On doctors, Mahar says few keep up with developments in their field. They use the excuse of lacking time (that could be better used billing patients) but the effects are profound. In an experiment, a hypothetical patient with symptoms and test results was given to 130 doctors. Using amazing creativity they managed to come up with 88 distinct treatment programs. As far as doctors voluntarily adopting electronic records, it may have to wait for the next generation of doctors. There is a continuing trend for doctors to specialize. Specialists earn more money, only need to keep up with a limited field of knowledge, and can earn more prestige It has the side effect that the specialist has very limited contact with the annoying patient (they may be unconscious most of the time). The downside is the “when you have a hammer, everything is a nail” phenomenon where the specialist is tempted to expand business by employing unnecessary and even harmful treatment (See the Redding doctors later in the review).
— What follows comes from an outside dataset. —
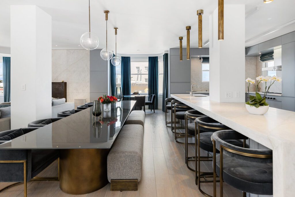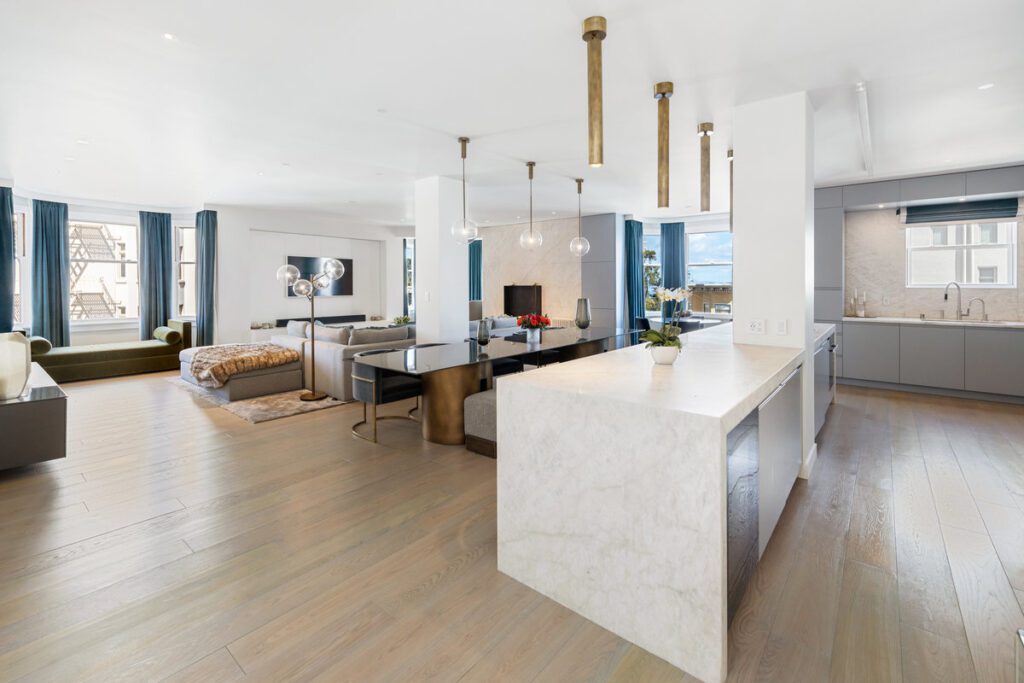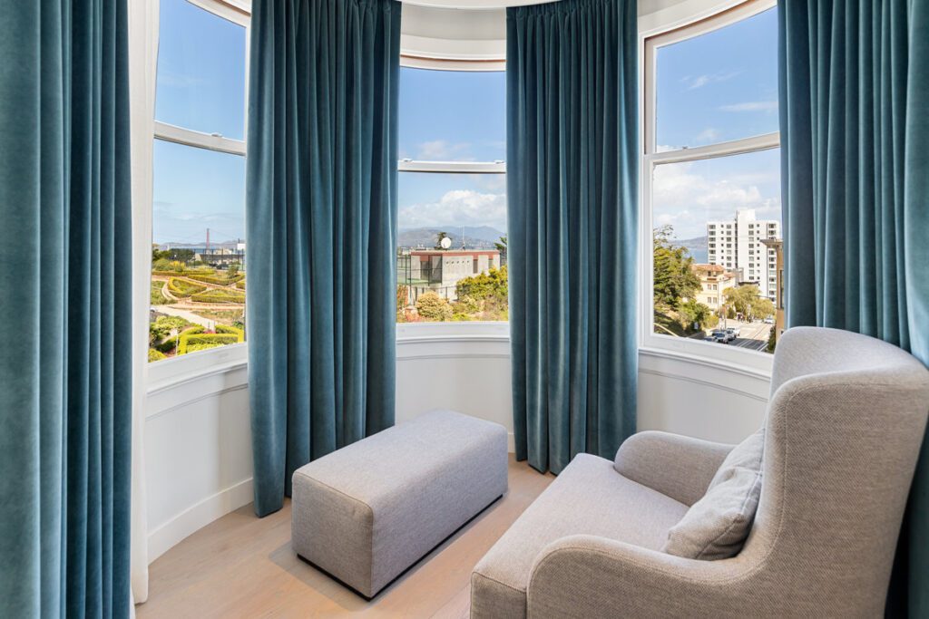 Classic Pre-War elegance combined with timeless contemporary style! Perched atop Russian Hill, this bright and airy historic 1915 flat has incredible light and sweeping views of the city’s famous landmarks. This fabulous cooperative apartment has been meticulously renovated top to bottom by Studio Graf with interior design by Paschal O’Reilly. Incredible period details including soaring ceilings, moldings, and circular window bays are complemented by clean lines and modern design.

As to why the free market economy doesn’t work in health care she gives a simple illustration. The patient visits his doctor who diagnoses a live threatening problem. An immediate operation is required to save the patients life and as luck would have it, the doctor and a hospital have an opening this very afternoon. Can the patient make an informed buying decision under these circumstances. Both the patient and the patient’s spouse are probably in total shock at the diagnosis and would be unable to make any sort of rational decision under the circumstances. This is a situation calling for complete trust between patient and doctor, not a free market economy. At the end of the book she includes a real world example of a doctor, after a full career diagnosing a treating a particular disease himself contracting that disease. Here the doctor has full world class knowledge and information about his own condition and the options available. Yet the doctor is frozen, unable to decide anything about his own treatment until a friend suggested he needed a doctor, a trusted outsider and professional to develop a treatment plan. Free market economics doesn’t apply to health care and Mahar coyly points out only economics of all social sciences is built around the assumption that people behave rationally.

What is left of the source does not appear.